(Source material Opens)

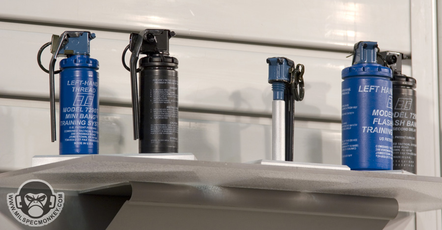 Gave these guys a media bugging right at the end of shotshow while they were packing up. I was foolish not to take pics of their 40mm launchers. As you can see they carry a vast range of less lethal products and their training counterparts. One thing I had not seen before was the mini-bang. They have the same qualities as a full flashbang, however smaller and 30% lighter. Fits in 40mm shell loops and some double mag pouches.
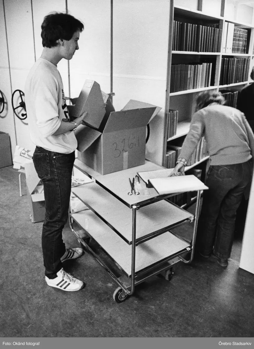 Uppackning i nya magasinet på Örebro Stadsbibliotek på Näbbtorgsgatan, 1981
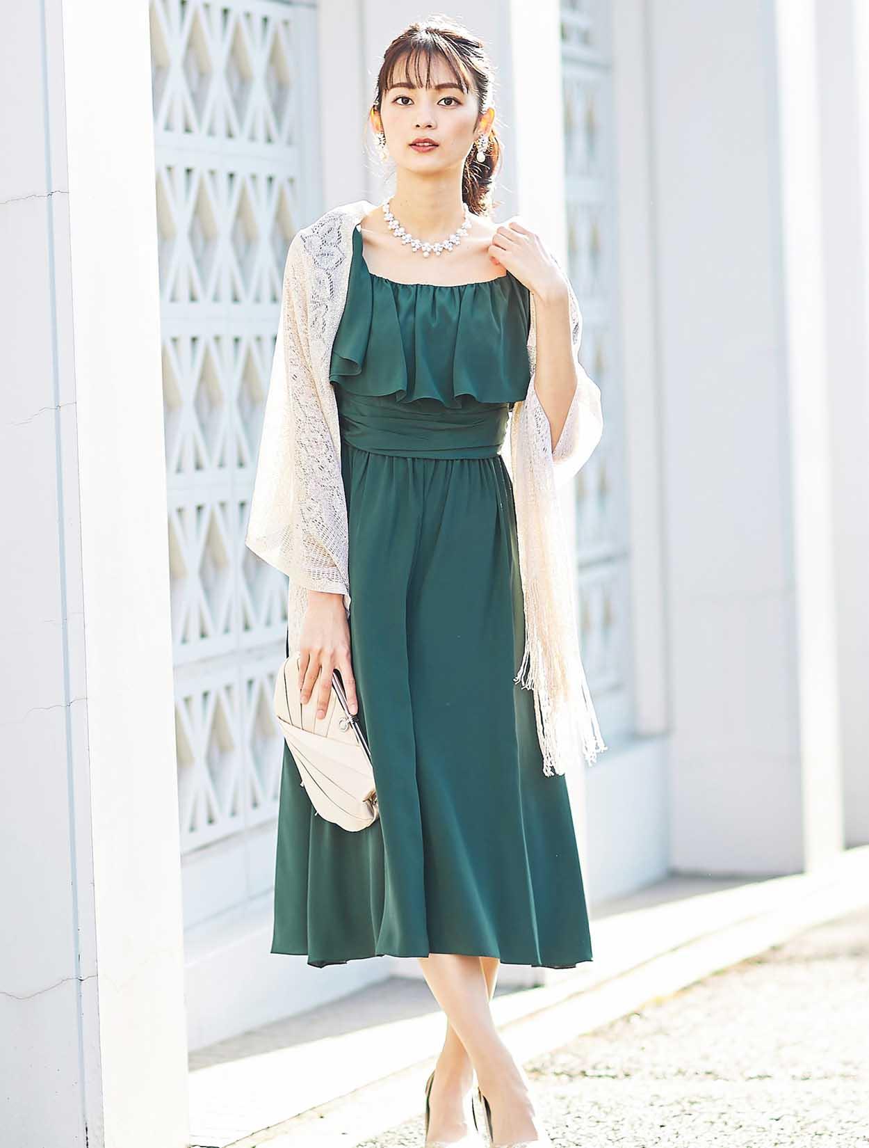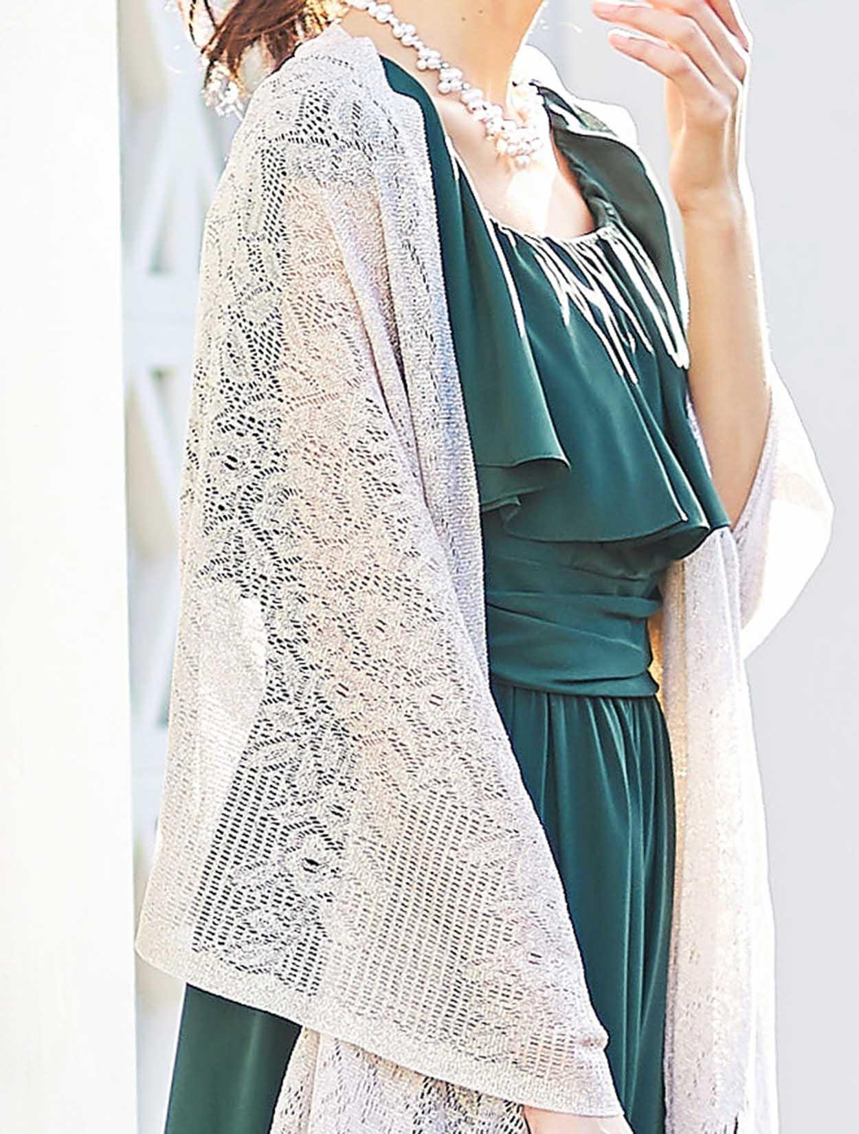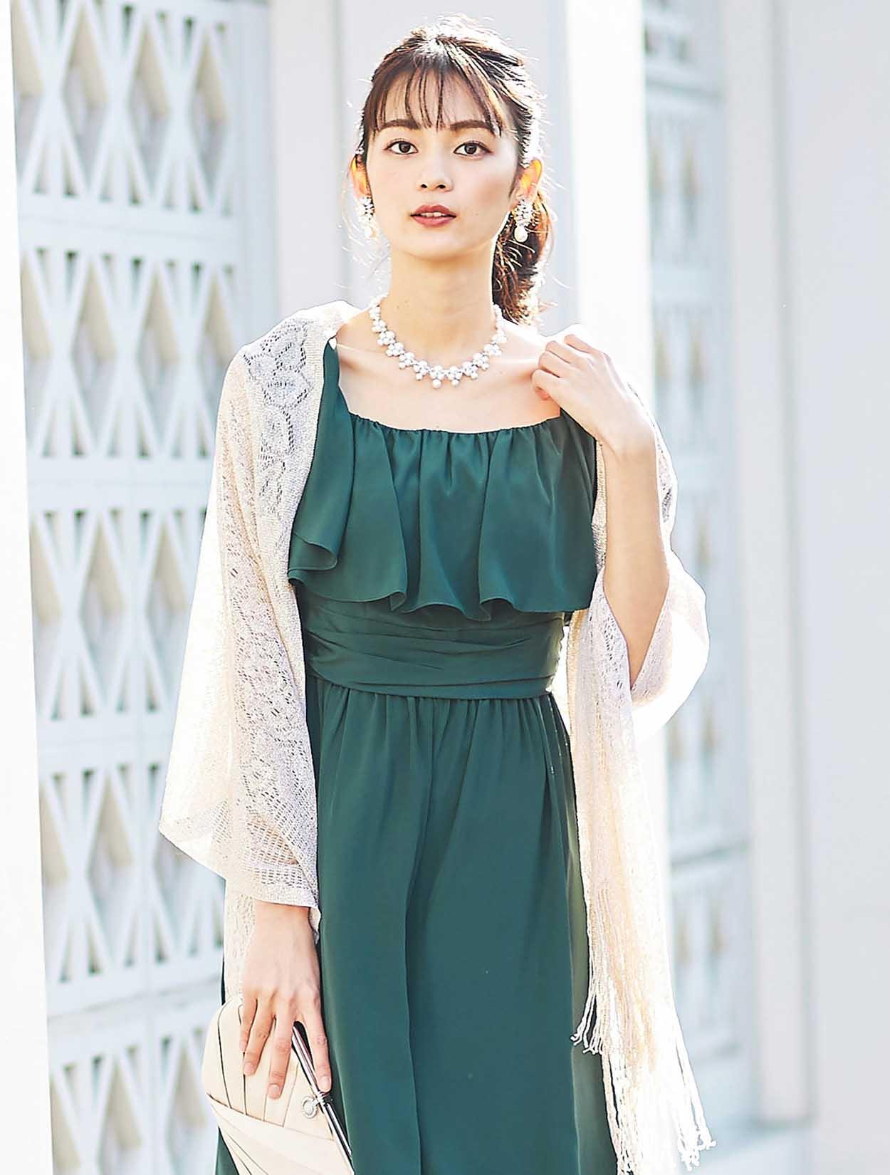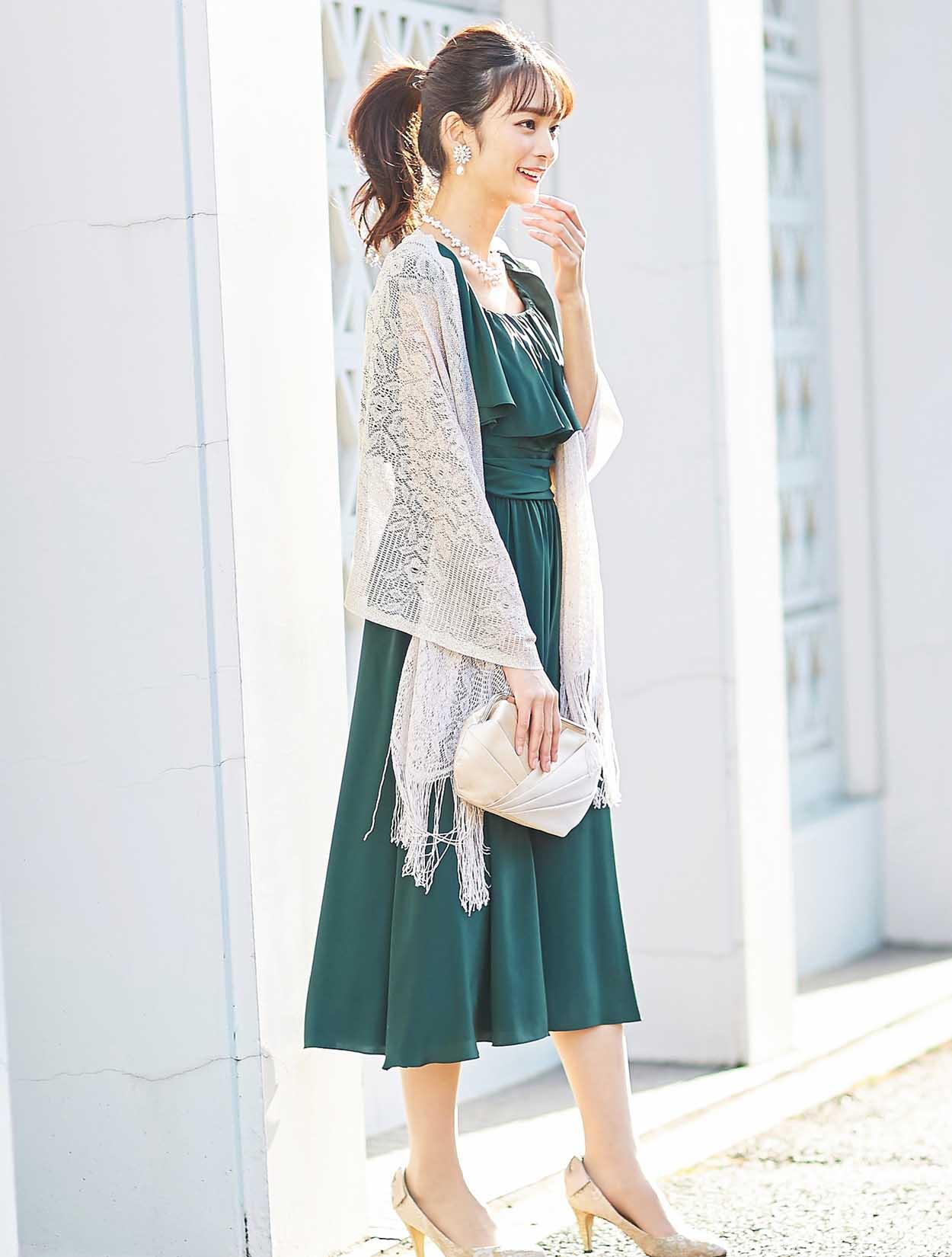 マットな質感のドレスに、透け感のあるショールを合わせてエアリー感をプラス。
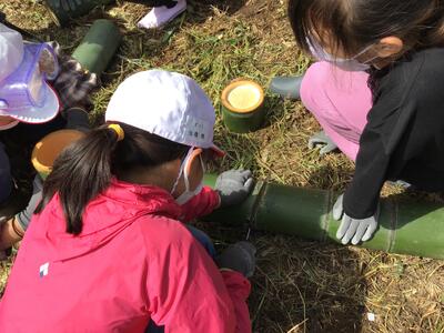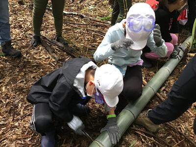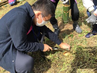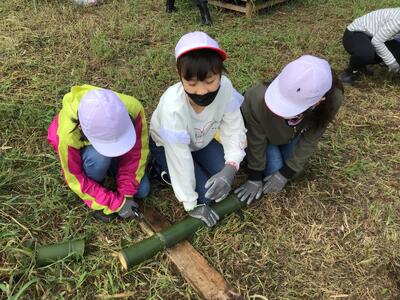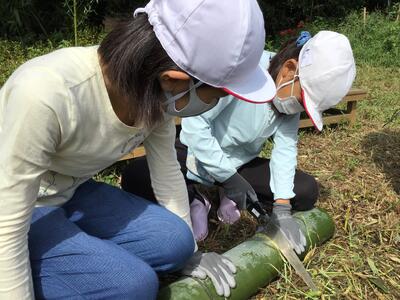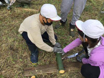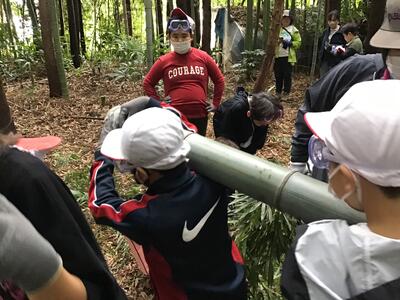 のこぎりを使って,チームで協力して太くて大きい竹を切り出すことができました。

(Source material Closes)

What you should do :: Could you give the material again exactly as it stands, omitting any image?

Result for this task ::
 Gave these guys a media bugging right at the end of shotshow while they were packing up. I was foolish not to take pics of their 40mm launchers. As you can see they carry a vast range of less lethal products and their training counterparts. One thing I had not seen before was the mini-bang. They have the same qualities as a full flashbang, however smaller and 30% lighter. Fits in 40mm shell loops and some double mag pouches.
 Uppackning i nya magasinet på Örebro Stadsbibliotek på Näbbtorgsgatan, 1981
 マットな質感のドレスに、透け感のあるショールを合わせてエアリー感をプラス。
 のこぎりを使って,チームで協力して太くて大きい竹を切り出すことができました。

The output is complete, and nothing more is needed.